I’m definitely an acolyte of Anne Lamott’s “shitty drafts” strategy.  Generally before I write anything real, I have to take a moment (or a day) to scribble in my notebook, starting with the first things that comes to mind and rattling of whatever comes afterwards.  Usually, this draft truly is shitty.  I used to think those drafts were more valuable, more “pure,” because they had my first thoughts and weren’t bogged down by what came after.  Now, I realize that part of a writer’s duty to her reader is to scrape all the residual brain-gunk off a piece so that all that’s left is exactly what she wants to say.

Even when I’m writing something academic and non-creative, I almost always write a quick stream-of-thought about the topic, about the information I have and my perceptions on it.  Usually this is where I get my thesis and most of my main points, and from there I can draw up an outline and continue developing my ideas.  My creative writing could probably benefit from that same outline process, but I haven’t gotten to that point yet.  That would be a good thing for me to try in the near future!

 

Mary Gallagher

I'd like to be good at poetry, short stories, and creative nonfiction, but really I'm here to develop the skills to write about politics and world issues

3 thoughts to “The Way I Write – Strategy”

  1. Would you say you free write to obtain your thesis then continue to write or just write a whole bunch then from all of that “gunk” you decide what your main point is.

    I find myself just typing, and dabbling, and word vomiting everywhere with an intention in mind and then clean it up after.

  2. I think it’s interesting that you don’t use the free writing stuff for your more creative pieces because normally the idea of free writing just brings to mind creativity.
    It’s great that you can usually find a thesis and main ideas in your scribble of writing. I find that often most of the stuff I use ends up maybe making it into parts of my argument, but usually doesn’t turn into a thesis, so that’s pretty cool.
    Do you think about research and sources at all when you’re free writing? or do you free write after you’ve already done some primary research and have an idea of what’s out there?
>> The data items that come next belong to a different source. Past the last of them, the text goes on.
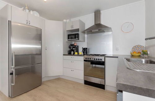 Enjoy afternoons playing on the large grassy front section, or lounging in the outdoor furniture with a book under the sun umbrella on the patio. Gather the family for a classic Kiwi BBQ dinner on the deck under the sunshade.
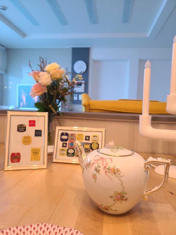 홍차레이블로 직접 만든 액자 2개와 새로 산 헤렌드 티팟
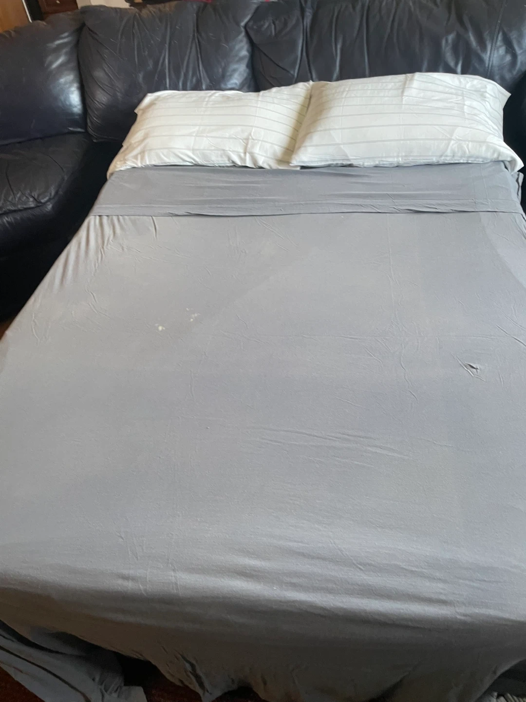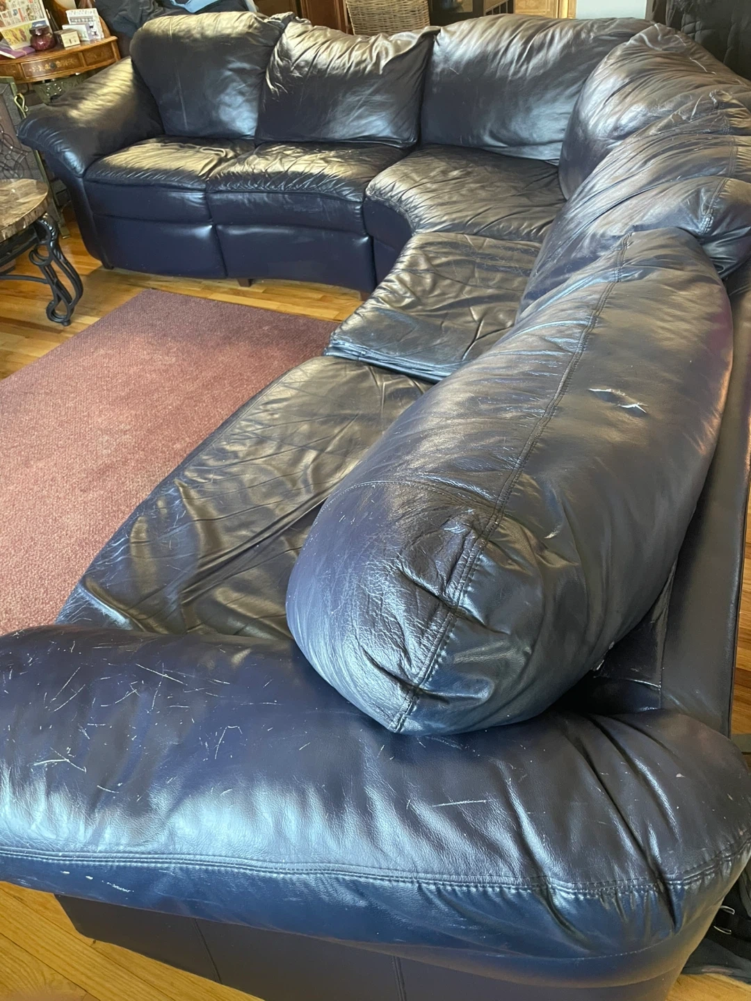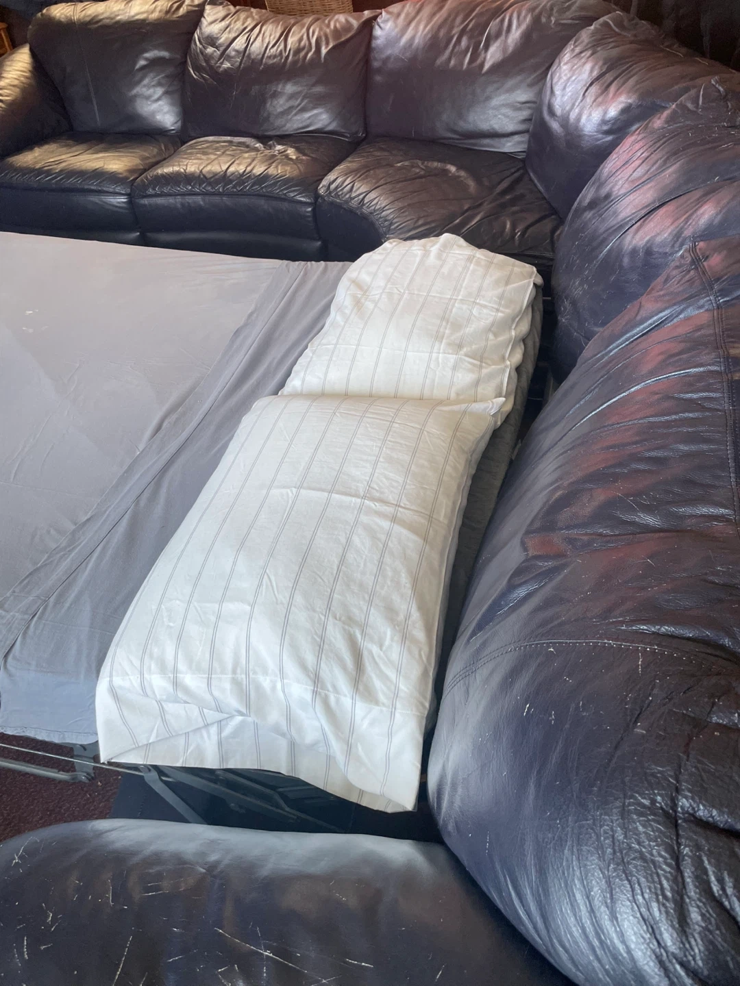This dark eggplant Natuzzi leather sectional sofa features a pull-out sofa bed. It's in good condition and ready for a new home. Needs 2 or more grand it’s for pick up … negotiable needs to go
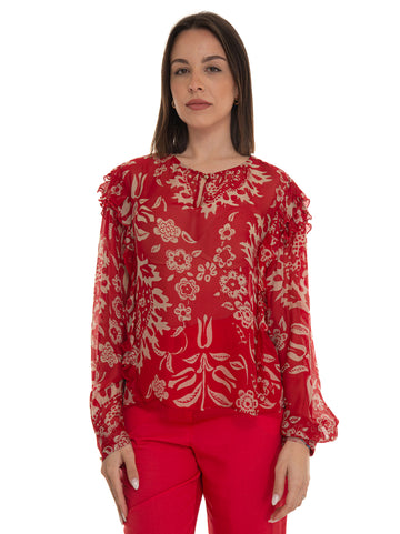 Women's shirt, floral print, balloon sleeves, ruffles on the sleeves, tongue with logo, composition: 73%...
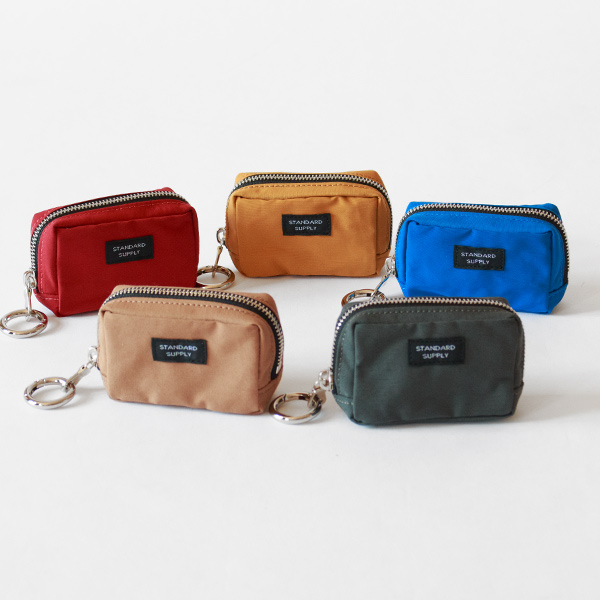 小さな存在ですが毎日を楽にしてくれる頼もしさ。ストラップを付けたり、バッグに取り付けたりと、暮らしに合わせた使い方ができる、チャーム感覚のスクエア型ポーチです。

Or do you just kinda write stuff and figure that there’s probably some research out there that talks about similar ideas to your own?

  3. I may be the only person in the world who doesn’t free write prior to writing! I think I missed the message because my problem always comes from “where and how am I going to start this thing?” I may have to follow your lead on this one.

    I like your counter idea of what writing is all about. It isn’t about creating something, but rather, it is about taking what you already have and taking things out and adding things in that create an even better piece of writing. Interesting take on this!